• [Records provided]
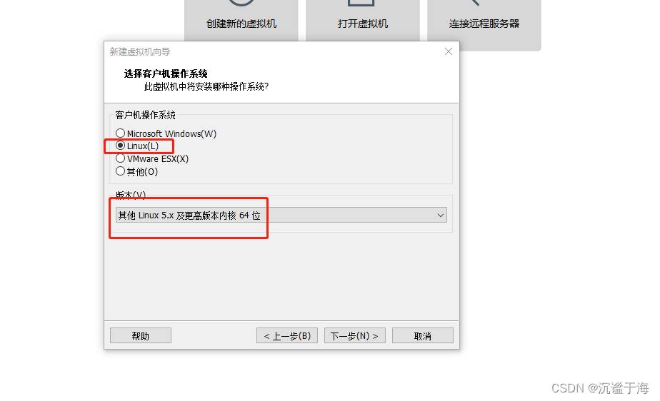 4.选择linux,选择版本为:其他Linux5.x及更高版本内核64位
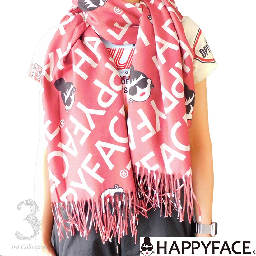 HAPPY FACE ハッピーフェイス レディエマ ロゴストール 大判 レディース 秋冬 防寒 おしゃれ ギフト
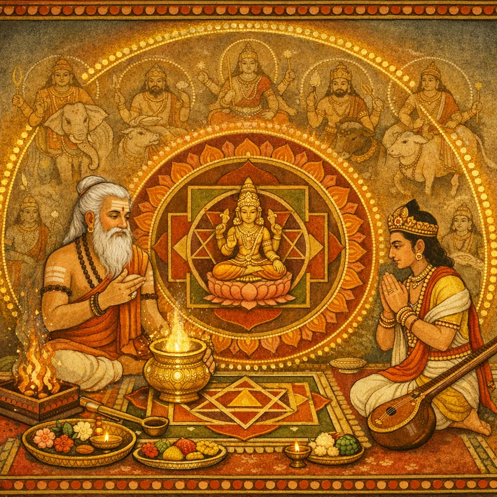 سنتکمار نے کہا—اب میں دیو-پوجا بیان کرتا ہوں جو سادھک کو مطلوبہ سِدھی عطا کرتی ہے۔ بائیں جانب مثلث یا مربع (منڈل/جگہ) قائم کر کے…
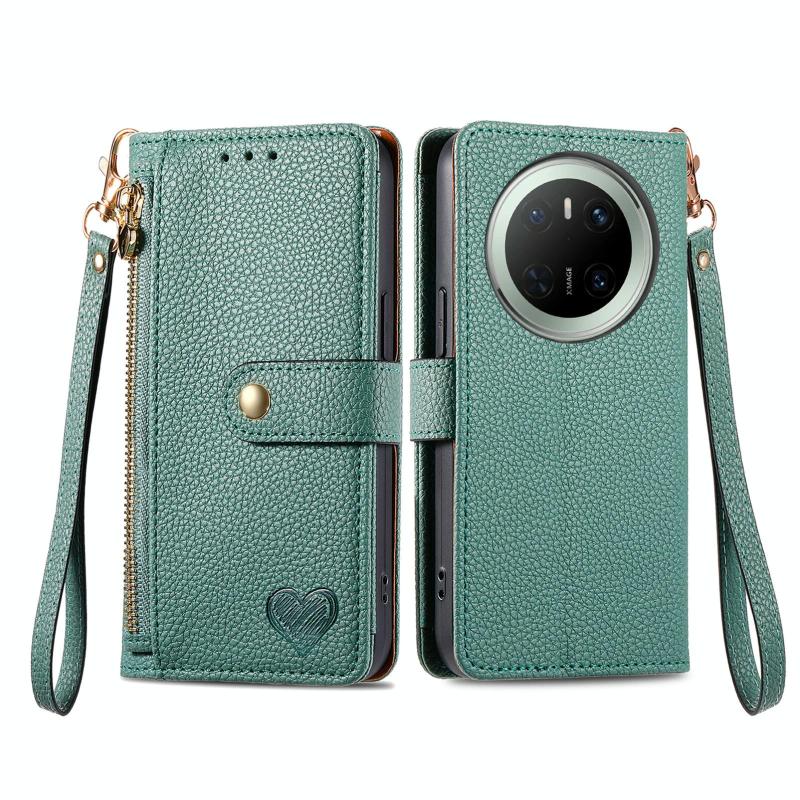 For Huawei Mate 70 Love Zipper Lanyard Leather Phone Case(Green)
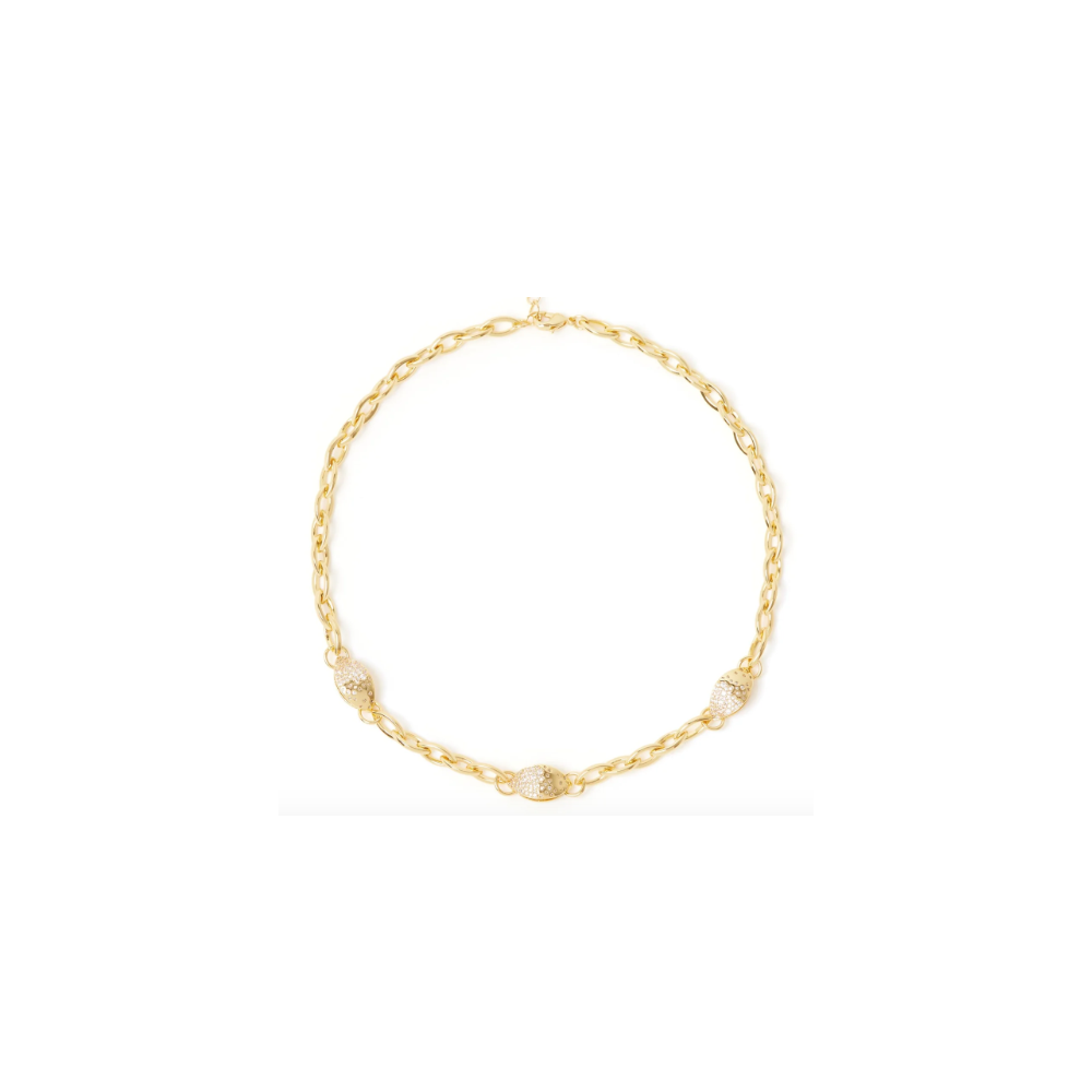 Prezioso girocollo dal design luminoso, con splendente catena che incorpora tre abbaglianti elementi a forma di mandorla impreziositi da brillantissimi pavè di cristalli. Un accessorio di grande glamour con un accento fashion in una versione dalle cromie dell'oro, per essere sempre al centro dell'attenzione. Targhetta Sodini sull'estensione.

• [Instructions to follow] Transcribe exactly the portion of the material above that runs from the line containing "For Huawei Mate" through its last line, omitting all pictures.

• [Solution for this exercise]
 For Huawei Mate 70 Love Zipper Lanyard Leather Phone Case(Green)
 Prezioso girocollo dal design luminoso, con splendente catena che incorpora tre abbaglianti elementi a forma di mandorla impreziositi da brillantissimi pavè di cristalli. Un accessorio di grande glamour con un accento fashion in una versione dalle cromie dell'oro, per essere sempre al centro dell'attenzione. Targhetta Sodini sull'estensione.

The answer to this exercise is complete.